Journal of Bioeconomics, 2004, vol. 6, issue 1, 39-63

Abstract: This article argues that emotional attachment drive has shaped the evolution of human intelligence, interpersonal relationships and culture. The first section is about the evolution of social bonds and their role in the rise of intelligence. At the outset, I present evidence that desire for emotional closeness to others is a primary human instinct. Recent discoveries in neurobiology are then incorporated into a summary of the evolution of brain systems that activate emotional attachments and the vital role of parental nurture in the development of offspring's social behavior and capacity to cope with stress. The evolution of maternal behavior is discussed as a particularly important event enabling expansion of brain size and complexity and initiating a pattern of mutually enhancing co-evolution between social complexity and intelligence leading ultimately to the modern human brain. The second section examines how emotional attachment drive may have contributed to the evolution of prominent aspects of human nature and culture.

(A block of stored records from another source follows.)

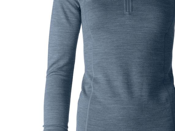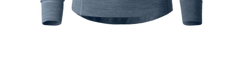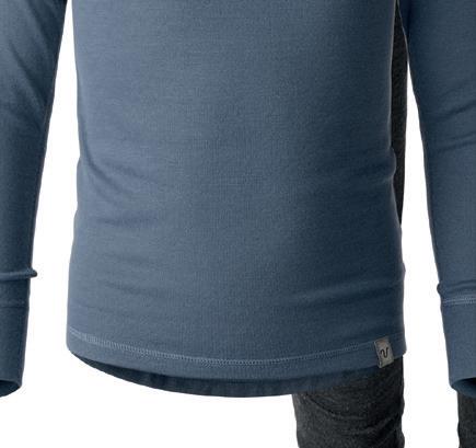 Underställströja med värmande merinoull på utsidan och mjukt funktionsmaterial på insidan. Detta ger ett plagg som är varmt, slitstarkt och inte kliar. Platta sömmar för skön komfort.
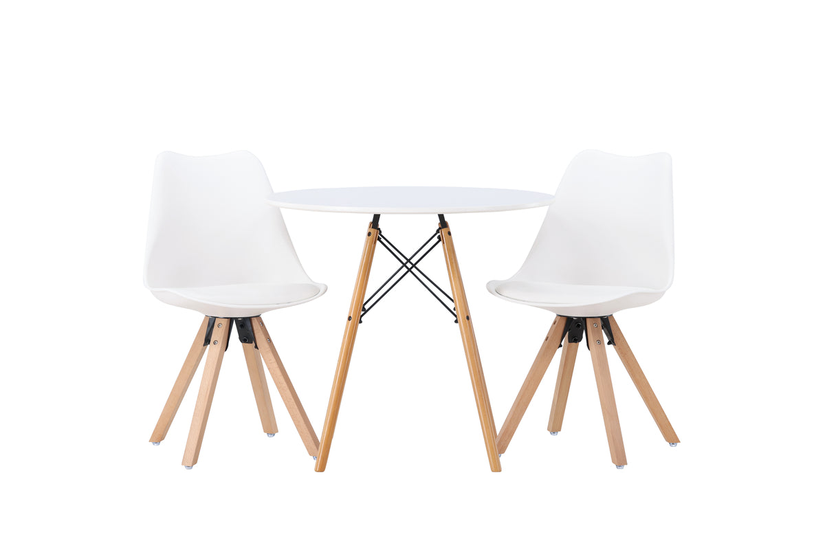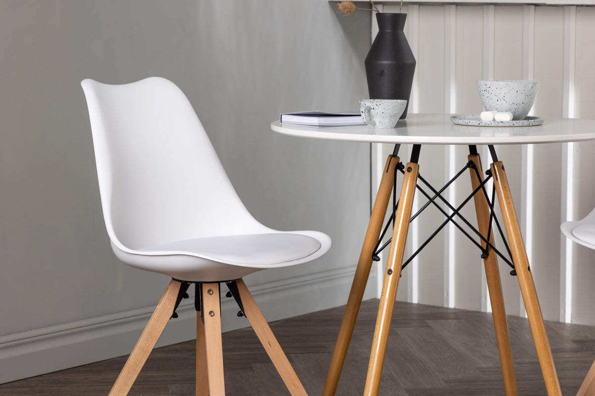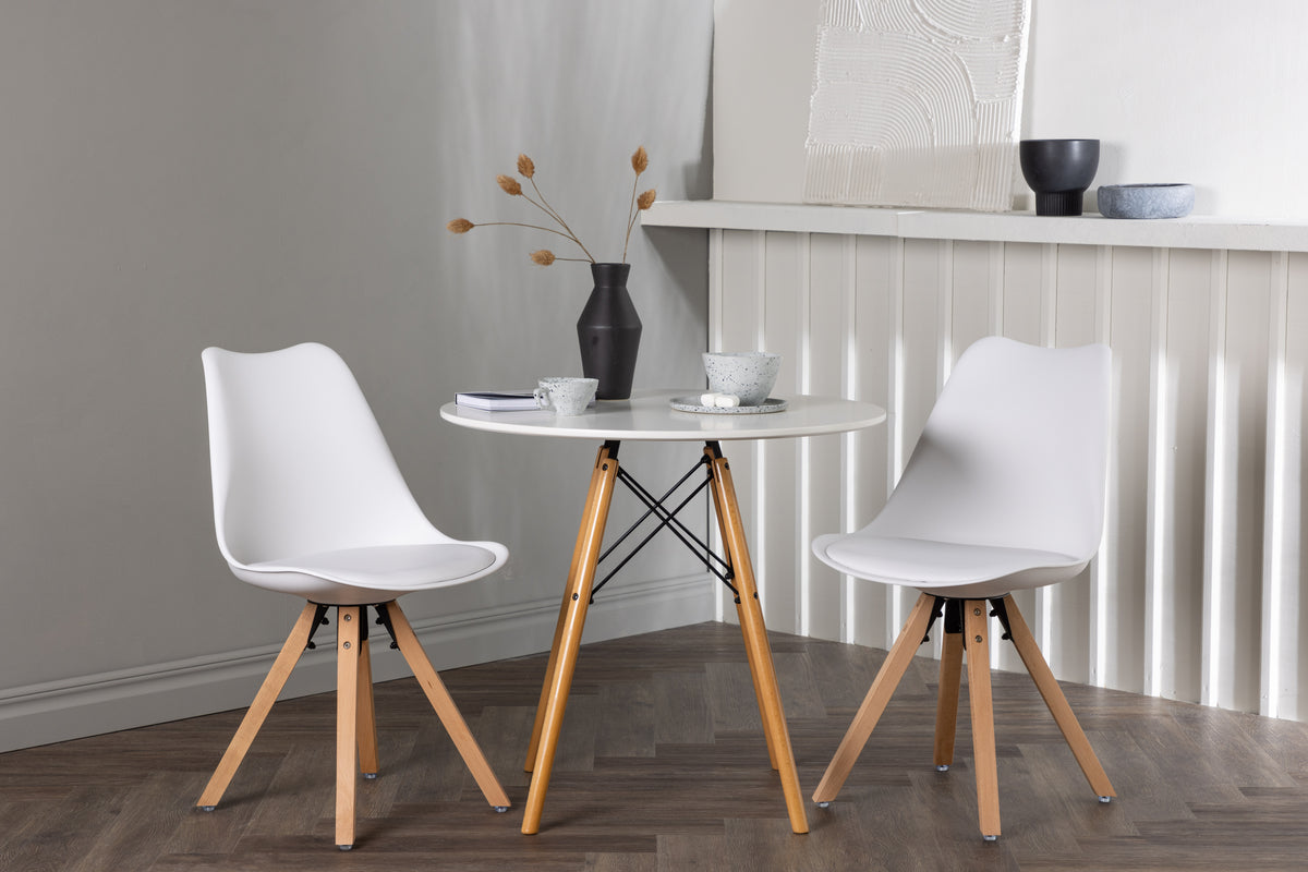 En fantastisk matgrupp i liten storlek! Det runda matbordet Danburi har en klassisk design med en rund bordsskiva i vit MDF och lätt utsvängda ben i bokträ med dekorativa detaljer i svart stål. Här tillsammans med våra fantastiska, vita matstolar från serien Zeno. Stolen har en inbjudande utformning med rygg och sits i vit plast, inbyggd sittdyna med hög komfort och fyra utsvängda ben i trä. Det blir inte bättre än såhär! Bordets diameter: 60cm.
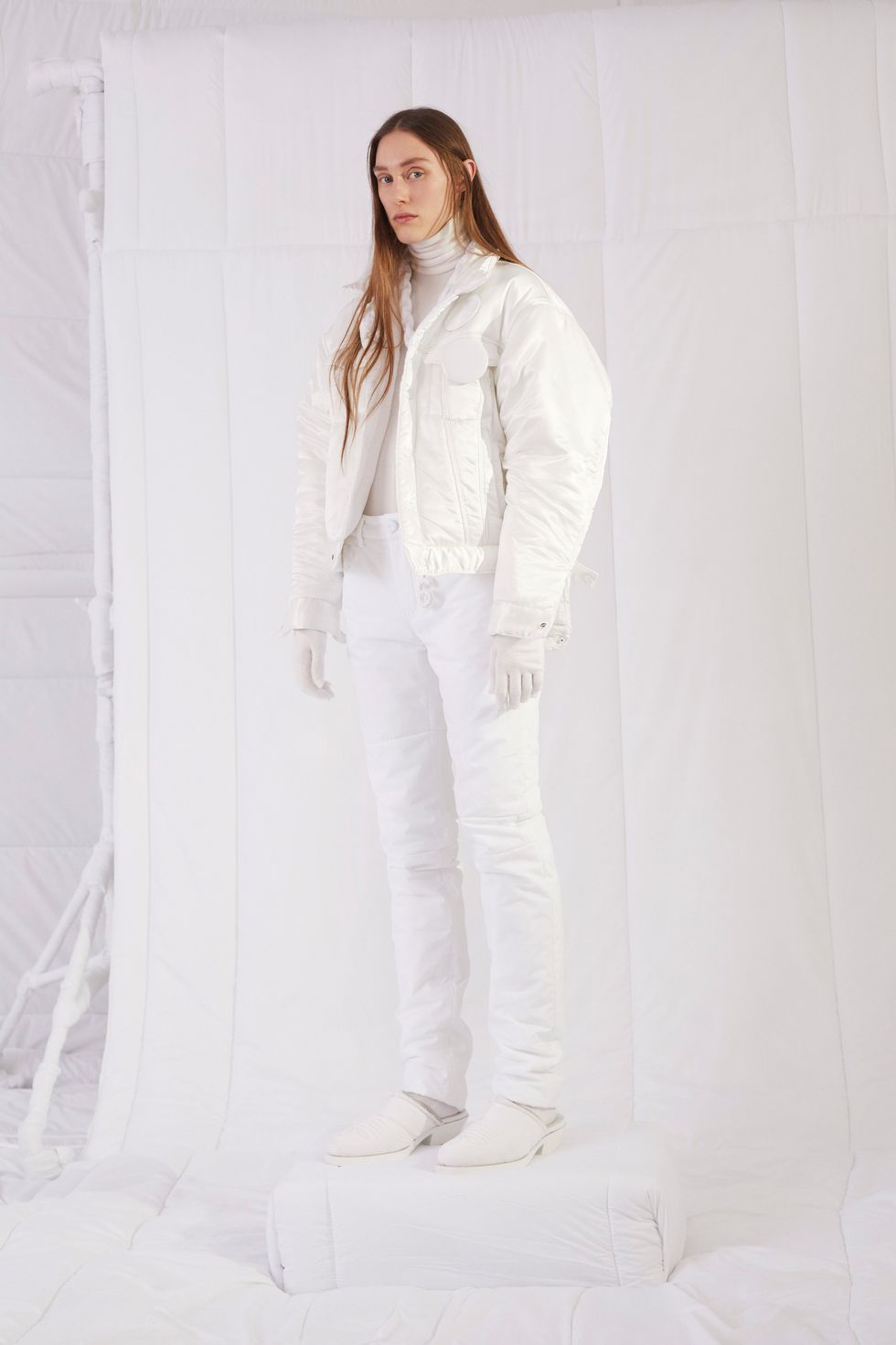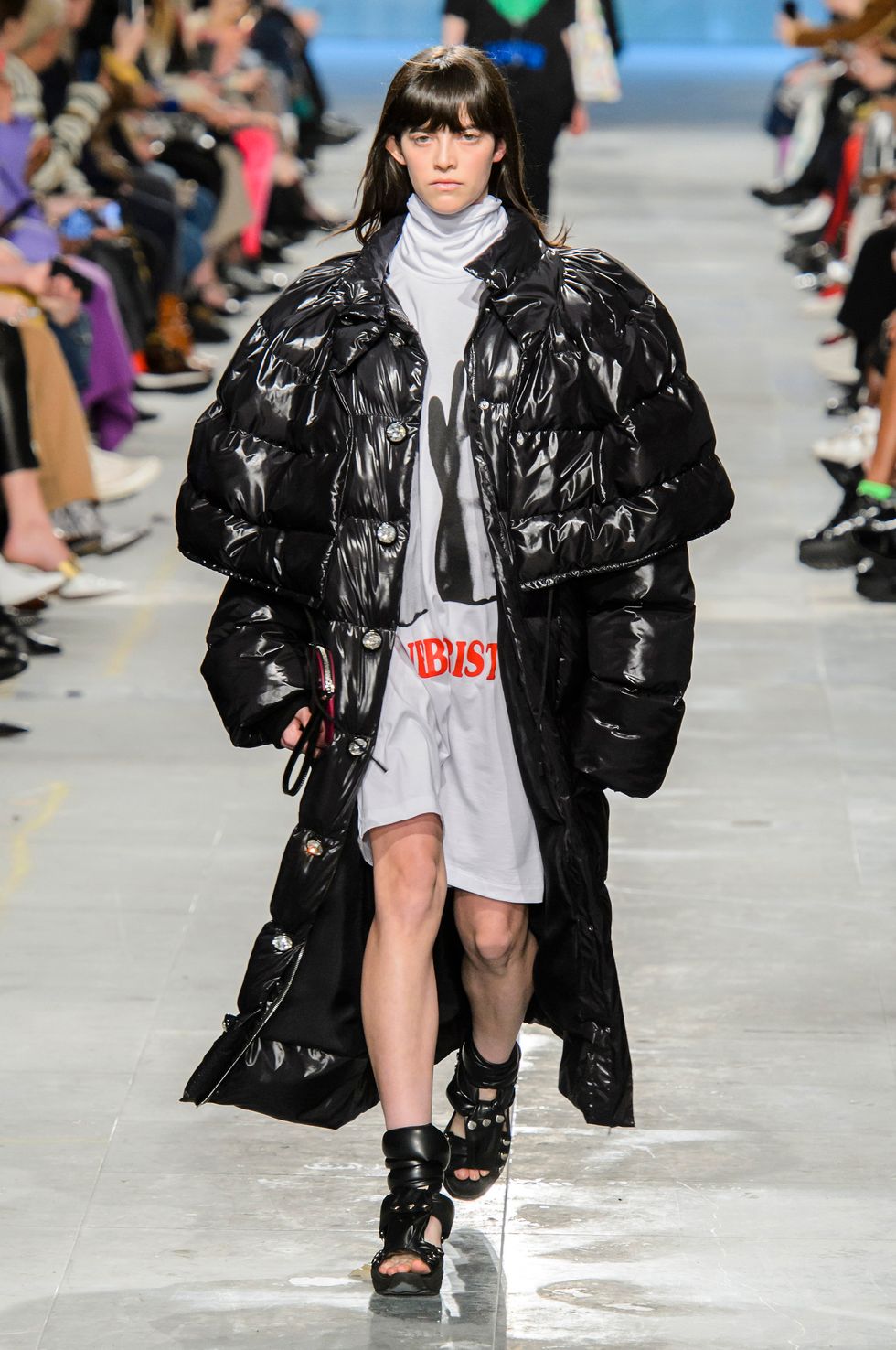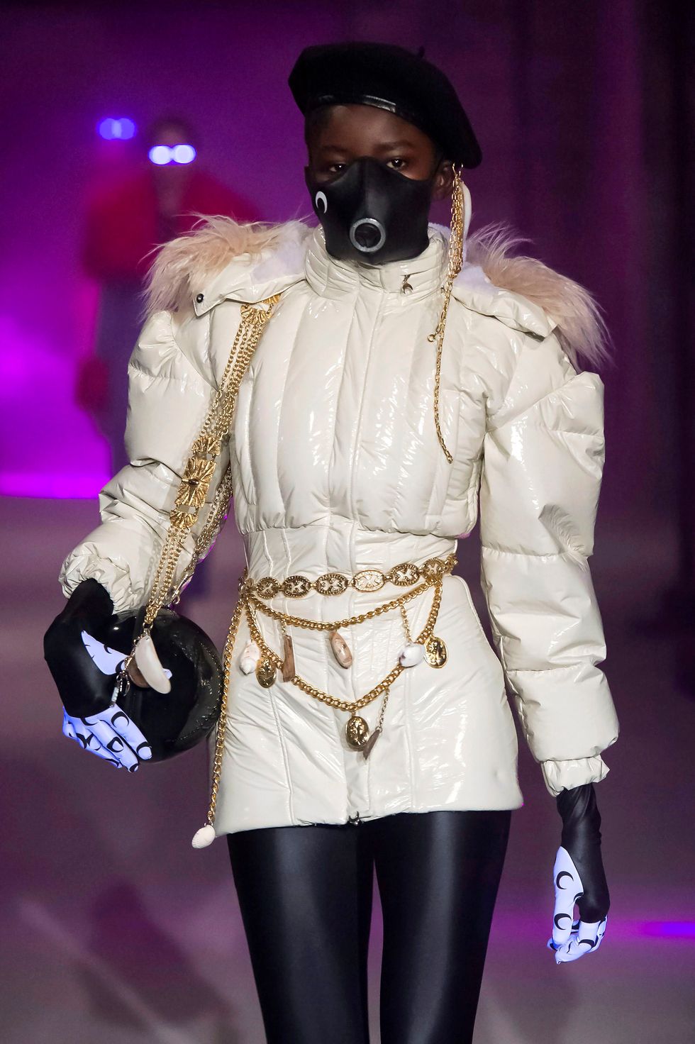 My beloved Marine Serre showed puffs today that had been transformed into poofy mini-dresses; one was cropped with a structured middle section that sent me back to early 2000s-era video girls. Ottolinger did a baby puff with a tightly cinched waist, and versions of a parka that felt almost tailored, like they were ready for the slopes of Gstaad. MM6 Maison Margiela's take came in blinding white; Christopher Kane's black version had it both ways, trailing to the model's ankles with a cropped bolero-like overlay. Every influencer's (including North West) favorite brand, Saks Potts, showed puffs with luxurious collars that were short but not quite cropped, with matching ties at the waist.

It is hypothesized that the evolution of unique human mental abilities provided vast new outlets for and means of expressing emotional attachment leading to much closer and more diverse interpersonal relationships and the rise and transmission of culture. These developments were very likely important for increasing the adaptive advantages and decreasing the dangers of high intelligence. Emotional bonding between human sex partners was probably selected for because the slow maturation, complex cognitive and psychological development and culture acquisition needs of children required more parental attention for much longer periods compared to offspring of other primate species. Integration of attachment motivation and high intelligence is hypothesized to have been important in the selection of hominid species that were the immediate ancestors of modern humans.